Gay had praised Johnson’s work to her half-a-million Twitter followers in August 2017 (“‘Control Negro,’ in Guernica, is one hell of a short story.”), so the minute Johnson learned Gay was assembling the anthology, she jumped to submit the piece. A few months and a stuffed inbox later, Johnson would finally be able to answer “yes” to her parents’ most persistent question: “Can we get [your work] in a Barnes & Noble?” She is now folded into the pages of an industry standard, a text she had personally devoured “for years and years.”

Just as Johnson has always been an avid reader, she has always pressed her pen to paper. There has never been a time when she wasn’t an artist—a multimedia envisionist with a penchant for producing drawings and manuscripts alike. When she was still teenager, Johnson set to work on her first novel, typing pages on the keyboard of her IBM personal computer after devouring The Outsiders by S.E. Hinton.

Johnson teaches visual arts in Charlottesville public schools, which grants her life-inspired fodder for her writing. Being a full-time art instructor and mother means her craft truly hinges on self-discipline; she carves drafting sessions out of summer months and rare pockets of weekend quiet.

Johnson studied art and education at James Madison University, but a year of international exploration with her husband, and the creation of a related blog, allowed her to envision writing as a viable complement to her teaching career. She credits travel with reframing her artistic brain because it affects writing and how you “interact with things when you’re taken out of place.”

Johnson’s writing does just that: It grasps the reader and jostles her into a separate reality—often, the reality of a person whose voice is traditionally and systematically repressed. She opts to embody the brains of characters harboring “troublesome” mindsets, as in the protagonist of “Control Negro,” an elusive black father and scholar who scrutinizes his unknowing son from afar and uses him as a pawn in a race-based social experiment.

Such an exercise, Johnson says, affirms the “power of fiction,” drawing on the writer’s and reader’s ability to align herself with an alternate perspective and see the world through someone else’s eyes.

This is precisely what Gay means in the anthology introduction when she says, “I am not avoiding reality when I read fiction; I am strengthening my ability to cope with reality.”

Johnson’s fiction employs real and universal themes, such as surging water as a metaphor for swelling life pressures. But, each piece she writes also offers its own set of truths—ideas that put strain on the lopsided, majority-favoring realties many citizens sustain.

“As a mom of a child of color and as a woman,” she says, “…I want to have an influence by sharing ideas that let people…have [more]…awareness or even just a little bit more empathy for someone they might feel distant from.” This desire to establish a new American truth has contributed to her rise in the writing world. Johnson credits her work on August 11 and 12, 2017, including her article in C-VILLE, with helping propel her career.

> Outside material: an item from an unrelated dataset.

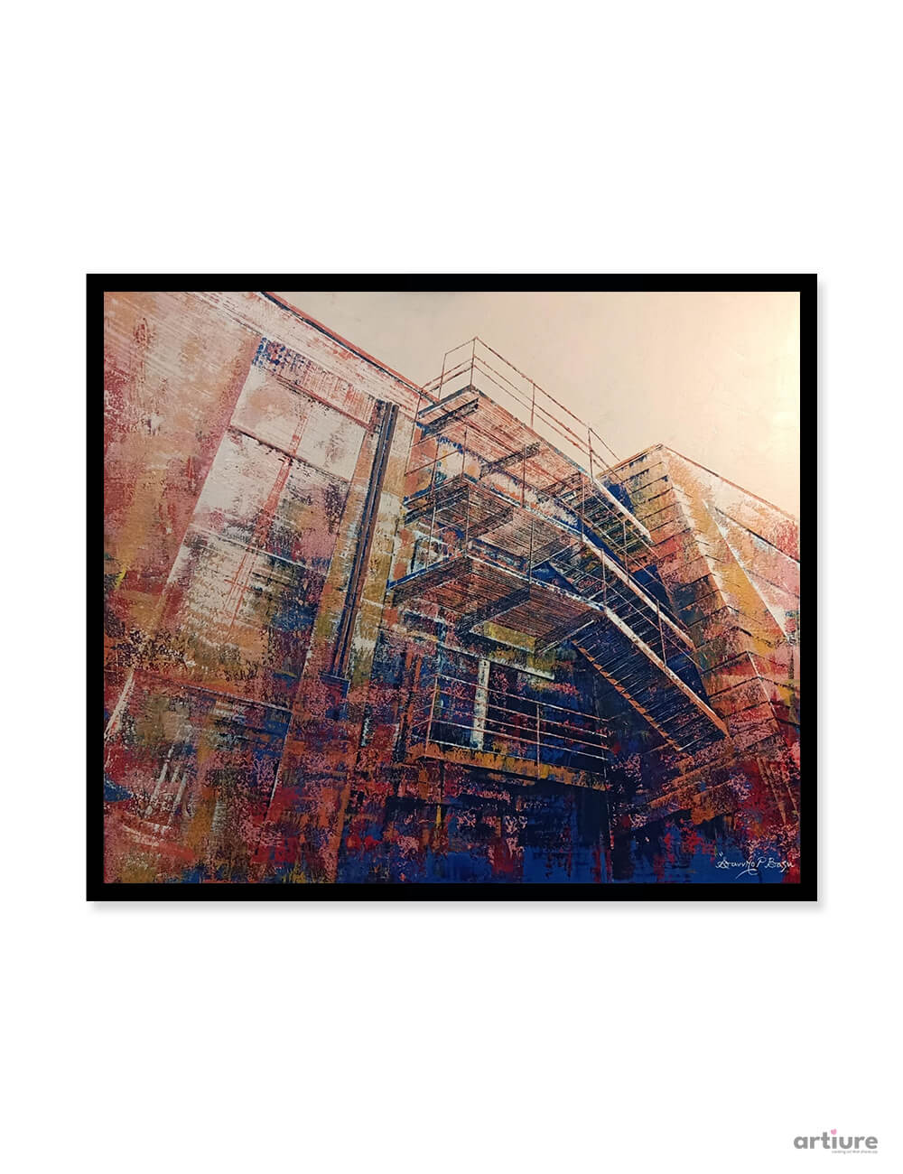 An abstract style Landscapes focusing on the interplay of light and shadow to reveal the underlying structure of the city, often overlooked in the rush of daily life. Recurring motifs like iron railings, balconies, windows and exits, elements that speak to both functionality and quiet drama of these spaces. Narrow lanes, stairs and sharp perspectives of buildings create a sense of depth. Minimalist colour palette punctured by occasional bursts of colour, emphasizes the textures and forms, transforming the familiar into something both intimate and monumental.

Those essays, like her short stories, responded to questions sweeping the nation: “Who are we, and how do we want to respond to things that we may disagree with strongly? How do we feel like we have power and agency?”

In the next phase of her career, Johnson plans to complete her first collection, Virginia Is Not Your Home, and continue grappling with socially relevant themes. She finds an artistic identity in braiding together a moment’s lingering strings —in “making something that’s bigger than [herself]” through writing.

Johnson considers her craft a rich gift, an opportunity to seek out the spaces and faces in her community that are routinely ignored and hone in on their truths. While she acknowledges such a task is not always easy, it’s indisputably worthwhile. “I would rather the world be more comfortable for everybody, honestly,” she says, but, “if it has to be uncomfortable, I think we should take that opportunity.”


On October 26, Jocelyn Johnson will read an excerpt from “Control Negro” at New Dominion Bookshop. The story was selected by Roxane Gay for inclusion in Best American Short Stories 2018.